I'm impressed with your NY resolutions. I used to make ones that couldn't be accomplished, like go to the gym at least twice a week for the entire year. But why feel double-bad, like failing at a goal AND knowing I couldn't even get off my butt to walk on the treadmill. So I started making resolutions that can't be measured, like 'I will eat more vegetables this year.'

BUT, come to Stockholm. We will make you move. We dragged Stu's 70-year-old mother all over this city, in the ICE! Of course, we moved here and can count the times we've done yoga on one hand, but moves do that. If even.

Anne said...

And, to add to the reasons not to worry so much about counting every calorie, did you read this:

http://voices.washingtonpost.com/checkup/?hpid=sec-health

BlondeJustice said...

Erin, what a lovely idea. (frohon= awesome!)
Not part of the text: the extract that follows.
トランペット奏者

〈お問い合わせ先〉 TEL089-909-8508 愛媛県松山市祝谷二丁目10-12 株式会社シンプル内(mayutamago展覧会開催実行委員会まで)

Retainer Girl, thank you pookie!

Jenn, thanks for stopping by. :) I totally agree, I find most of the contestants inspiring just not so much the drama and the screaming, cursing trainers. :D

Anne, as soon as I have some extra moola, you can bet your frozen bum that I will be over there...ASAP. Thanks for the link. :)

Unknown said...

Great site you have here. I came across your site from another site. I have a blog myself which I hope will be a top resource for those looking to find the motivation to lose weight.

I'd like to exchange links with you to help spread some traffic around between each other. Please let me know if this is possible under our "Best Weight Loss Websites" page. Until then, keep up the good work!

Jason
4Weight2Lose.com

Stephanie said...

I resonate with what you said about the sensationalism and shaming tactics. I've never seen an entire show but I have had glimpses. Those two principles are at the foundation of pretty much all reality tv, I think.
BODA lose weight

paulawannacracker said...

girlysmack-what a great idea.

I just wanted to stop by and let you know that I passed on the Happy 101 award to you... your blog makes me smile every time I read.